Остается только добавить «взрослый среди детей» – и все станет на место. А поскольку с дитяти взять нечего, можно будет с легкостью пересмотреть и даже убрать обидные слова вроде «невменяемый и безответственный», «зрячий среди слепых». И ждать реформации, т. е. состояния, когда прослойка «малого народа» достигнет такого размера, что сможет повлиять на поведение «большого».
В августе 1991 года на миг показалось, что чудо уже произошло. Несомненно, толпа у Белого Дома в основном состояла из «малого народа» – она, однако, была достаточно большой, чтобы пересилить заговорщиков. Но сегодня уже ясно, что ей не удалось пересилить инертность и невзрослость «большого народа». Что ж, ведь и Февральская революция начиналась видимостью народной взрослости, а кому не известно, чем она кончилась? И опять народ-дитя ищет Отцовскую фигуру, чтоб ее гигантский силуэт мощно вырисовывался на пожарном фоне Российского неба.
За то, что я пыталась втолковать эти соображения Бену Сарнову, он проникся ко мне глубокой неприязнью и отверг нашу многолетнюю дружбу. Спрашивается, стоило ли терять старых друзей ради репутации Солженицына? Ну зачем мне понадобилось лезть в чужие дела? Зачем после стольких лет благоразумного уклонения я снова стала обсуждать этот Богом проклятый «Русский вопрос», на который нет и не может быть общего ответа?
Тем более, что единственно возможный частный ответ – уехать подальше, забыть и растереть – я нашла уже так давно, что почти забыла вопрос. Забыть-то забыла, да растерла, видно, не до конца, раз опять потянуло меня на зыбкие российские топи и на топкие хляби исторической родины, России.
Ведь к концу жизни я нашла свое место на земле. Когда я увидела ровные ряды каменных плит на каменных склонах иерусалимского кладбища, мне открылась истина: Родина – это место, где твоя смерть имеет какой-то смысл. По еврейским представлениям умереть – значит «вернуться к своему народу». То есть истинное понятие Родины кровно связано не с рождением, а со смертью. Обыденное коренное родство слов «родина» и «родиться» сбивает с толку, затушевывая эту связь и придавая чрезмерную значительность месту нашего рождения, – а ведь мы его не выбираем.
Но все же оказалось, что место рождения, пусть и не столь значительное, имеет власть над моей душой – памятными деталями, запахами детства, диктатом навечно заученного синтаксиса.
Есть ли еще язык, который я знаю так же хорошо, как он знает меня?
Есть ли еще вопрос, ответ на который подсказан мне не разумом, а чувством?
Можно ли убежать от себя самой?
За это все я и заплатила потерянной дружбой.
Илья Кабаков и Михаил Гробман
Местный хулиган Гробман гордо ехал по Тель-Авиву на белом коне, за ним весело приплясывала небольшая, но яркая процессия соучастников.
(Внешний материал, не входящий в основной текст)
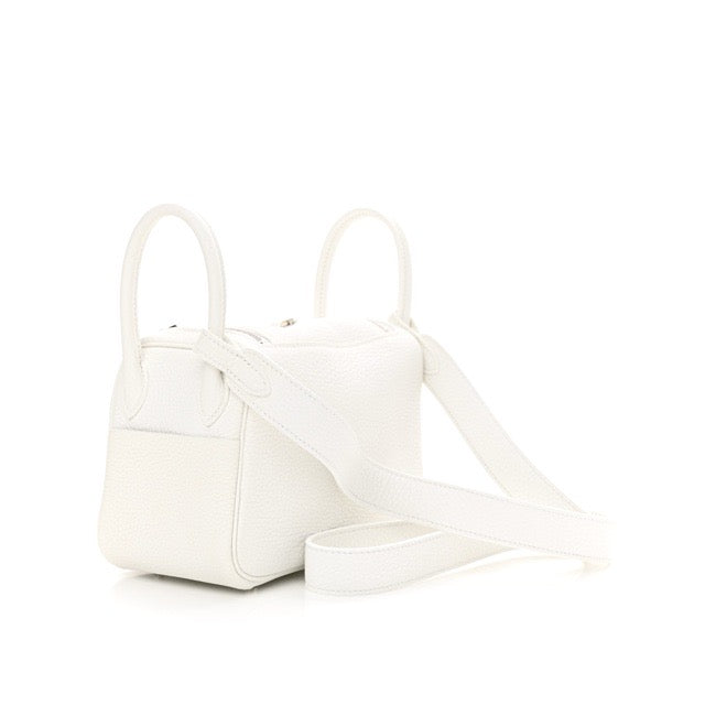 HERMES MINI LINDY 20 NEW WHITE TAURILLON CLEMENCE SILVER HARDWARE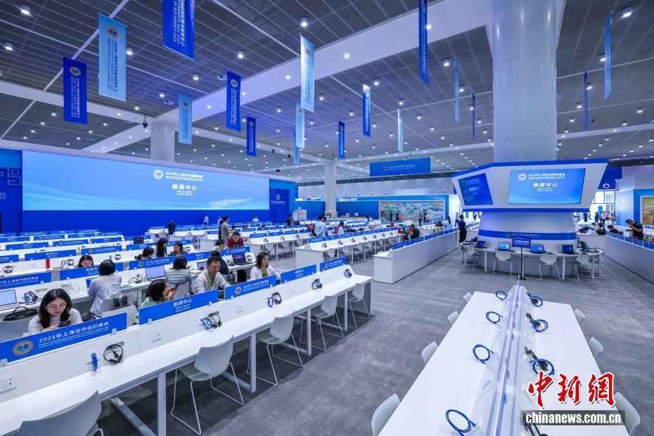 8月28日,天津,2025年上海合作组织峰会新闻中心正式开放。峰会新闻中心分为综合服务区、媒体公共工作区、媒体专用工作区、新闻发布区、科技文化互动展示区等多个功能区,为注册中外记者提供广播电视、新闻发布、峰会资讯等各项服务。2025年上海合作组织峰会将于8月31日至9月1日在天津举行。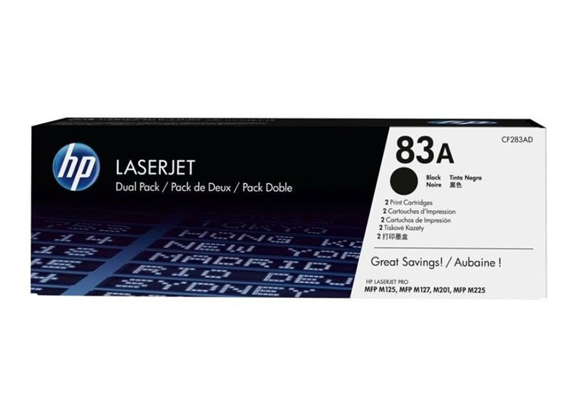 Originální toner HP, dvojbalení se symbolem 83A / CF283AD. Výtěžnost 3000 stran (2x 1500 stran). Produkt pochází z oficiální distribuce značky HP. Balení obsahuje 2 kusy s tiskem v černé barvě.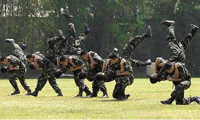 駐港部隊(duì)官兵在石崗軍營進(jìn)行拳術(shù)表演。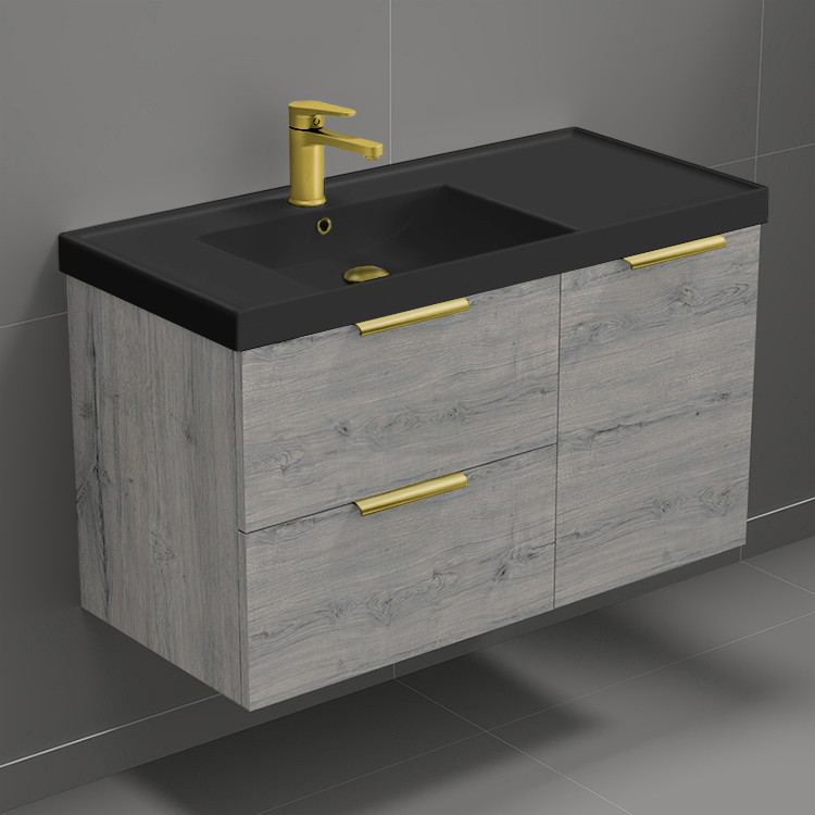 35 Inch Wall Mount Grey Oak Bathroom Vanity Cabinet With Matte Gold Handles.
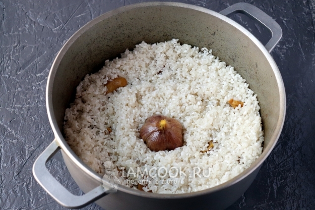 Влейте 1,5 стакана воды, а по центру поместите вымытую головку чеснока, очищать её при этом не нужно. Доведите жидкость до кипения, уменьшите огонь и томите в течение 20-30 минут, до мягкости мяса.

Кудрявую голову хулигана украшал венок из живых цветов, конь под ним потряхивал белой гривой, в которую артистическая рука любящей супруги Ирины Гробман-Врубель-Голубкиной вплела алые ленты, соучастники нестройно скандировали непонятное на русском языке. Ивритоязычная уличная толпа обтекала процессию без излишнего любопытства – мало ли у нас в стране чудаков? Им, невеждам, было невдомек, что это русские авангардисты отмечают столетие со дня рождения Председателя Земного Шара Велимира Хлебникова.
Откуда было знать им, взращенным на свободе любого выпендривания, сколько отваги понадобилось Мише Гробману, чтобы превратить свою жизнь в непрерывный хеппенинг?
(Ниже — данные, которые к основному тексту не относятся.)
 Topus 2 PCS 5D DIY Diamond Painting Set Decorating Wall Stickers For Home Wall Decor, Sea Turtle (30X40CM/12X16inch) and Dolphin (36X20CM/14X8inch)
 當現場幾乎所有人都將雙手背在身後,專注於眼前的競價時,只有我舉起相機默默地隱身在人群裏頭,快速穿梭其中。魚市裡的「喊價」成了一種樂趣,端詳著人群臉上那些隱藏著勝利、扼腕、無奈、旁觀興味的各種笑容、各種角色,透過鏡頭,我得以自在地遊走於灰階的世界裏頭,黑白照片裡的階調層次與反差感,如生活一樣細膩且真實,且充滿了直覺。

Впервые я услышала о Гробмане много лет назад в Москве от художника Ильи Кабакова, его славного соратника по борьбе с социалистическим реализмом. Это было на дне рождения Лины Чаплиной, о которой я тоже когда-нибудь напишу, если решусь рискнуть многолетней дружбой.
Мы на празднество слегка опоздали и, войдя в тесную квартирку Лининой мамочки, вдруг оказались в оголтелой толпе танцующих. Не знаю, какая муха их всех покусала – у Лины никогда не танцевали, к ней приходили поговорить. Это мероприятие так и называлось «пойти к Линке на диван», потому что и гости, и хозяева впритирку сидели на большом диване и взасос ругали Советскую власть. С дивана сползали, только если мамочка звала пить чай или если кто-нибудь приносил подсудный самиздат. Тогда ложились вповалку на потертый ковер на полу, чтобы все одновременно могли читать запретное, напечатанное с двух сторон на папиросной бумаге.
А тут все словно взбесились – позабыв родную ненавистную власть, все говоруны и пророки ни с того ни с сего начали неумело, но страстно отбивать сильно напоминающий чечетку рок-н-ролл. Кабаков выделялся среди других танцоров несомненным мастерством исполнения и полным равнодушием к партнершам. Было неважно, с кем он танцевал, – он всегда упоенно и виртуозно танцевал сам с собой. И никто больше не был ему нужен.
Тогда, в молодости, Кабаков говорил без остановки, упоенно и виртуозно, поясняя свои картины, создавая и разрушая эстетические концепции. Именно в тот вечер, переводя дух между роком и танго, он для иллюстрации своего очередного теоретического взлета упомянул Михаила Гробмана как одного из «отцов советского авангарда». Имя Гробмана вспыхнуло на миг, но тут снова грянула музыка, и Кабаков впорхнул в звуковой поток и упоенно закружился по комнате, позабыв обо всем, кроме танцующего себя.
Когда я переехала в Израиль, мне сказали, что Гробман давно живет в Тель-Авиве, но встретились мы только через несколько лет. В тот августовский вечер в небольшой тель-авивской картинной галерее был вернисаж какого-то русскоязычного художника. Смешно говорить о языке художника, для которого язык несуществен, но как иначе определить его принадлежность к нашей группе?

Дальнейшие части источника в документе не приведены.